FRESH GREEN & RIPENING UME - HARVESTED WEEKEND SATURDAY 25 JAN 2025
Regular price
$22.00
Sale
Our Ume now available again to order. Fresh harvest of green AND ripening Ume fruit.
We have started harvesting again from second Ume orchard.
This is the main crop harvest start so it's a big crop and once it's all harvested/sold that will be the end for the 2025 Ume season.
North Island orders will send via NZPost Courier Overnight. South Island orders will send via PostHaste Courier (2 day delivery). Both will be non-signature deliveries unless you specify (it avoids a delivery delay if you are not there to sign).
All orders will be packed with ice pack to keep them as cool as possible in transit.
Parcel tracking will be emailed once packed and ready to ship.
NOTE: Please ensure the freight option you choose matches your delivery address (pull down options). Selecting the incorrect freight option slows us right down sending your order.
You are ordering in 1kg units.
Thank you so much for your order.
Enjoy making your 2025 edition of Umeshu/Umeboshi/Ume Syrup/Ume Jam.
We are growing red Shiso for you.
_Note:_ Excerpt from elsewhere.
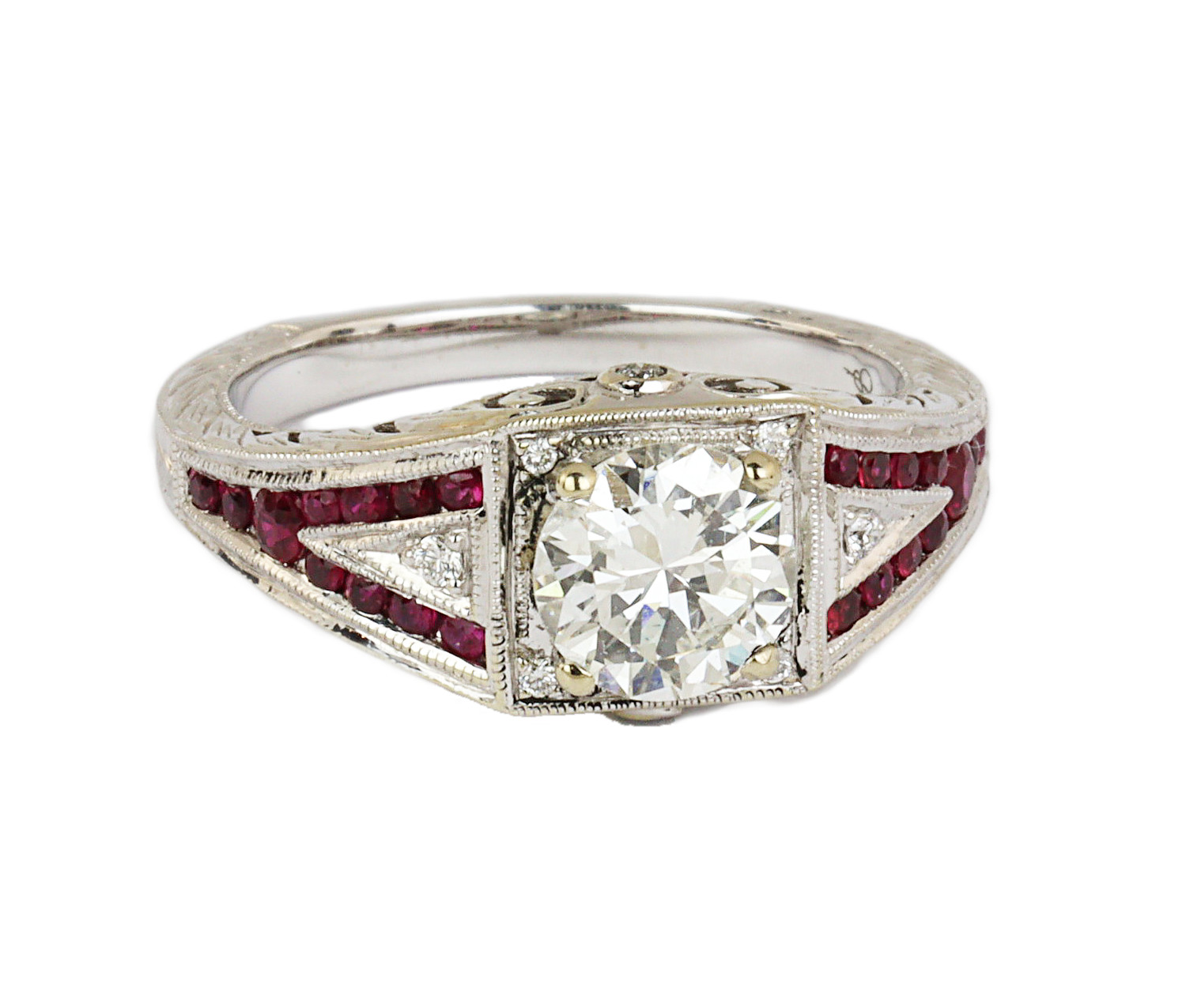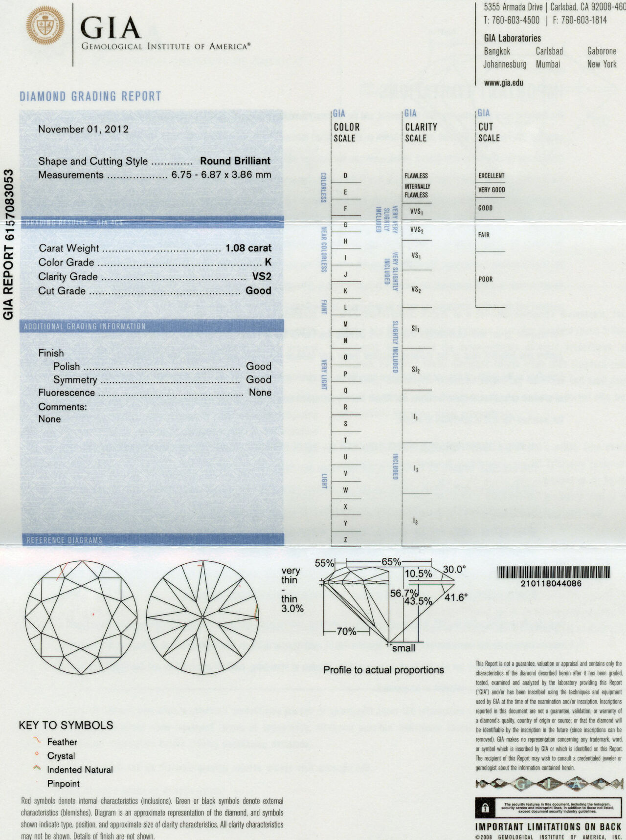 14K white gold ring with a 1.08 carat round brilliant cut center diamond (VS2 clarity/K color), fits a size 6.5 finger, and weighs 5.15 grams. GIA cert # 6157083053 is included in the sale.

The plants are still a bit small due to cold spring/start of summer but they will make good growth over then next few months. We intend to have both fresh and dehydrated Shiso (cut stems with foliage) available. These plants are grown outdoors in natural fertile soil (seed direct to soil) so are packed with flavour and colour, and all the great benefits of infusing Shiso with your Umeboshi.
BTW: did you know Ume trees are really thorny!
Make Umeshu with green Ume ...
Decide on the spirt you want to use. It could be a white spirit (gin, vodka) or a malt based spirit (whiskey, brandy), or a rice based spirit (sake, soju, shochu), or a spiced spirit (rum). Generally you are going to choose a spirit that you enjoy from the outset.
Decide on the sweetness level you want your Umeshu to be at. Japanese method is to add equal weight (1:1) Ume to rock Sugar. Thats way too sweet for me, so I reduce the sugar right down to 20-30% of fruit weight. Keep in mind you can always add sugar later, but you cant take out.
Prepare Ume - rinse Ume in cold water. Remove the small black fruit cap with a toothpick. Then dry fruit on a towel or tea towel
In clean dry dishwasher washed 1-2 size jars are the best- add Ume, then rock sugar, then fill to top with the spirit. You’ll likely be using 700 -1litre of spirit. Put lid on and leave for aprox 6-12 months before drinking. Record your ratios so once you start tasting, you can adjust.
Umeshu will just get better with age. The liquid will darken in colour which is part of the "aging" process. 20 year old Umeshu is usually opened with great ceremony!
Pic #5 showing my jar of Umeshu made January 2023.
Make Umeboshi with ripening Ume ...
It is easy to ripen green Ume. Just put them in a wide bowl or tray and let sit at room temperature covered with a tea towel. They will start to ripen (start turning yellow, become softer, juicier and you will smell the sweet ripening ume aroma). This process usually takes around 3-4 days but keep an eye on them every day and decide when to start your Umeboshi process.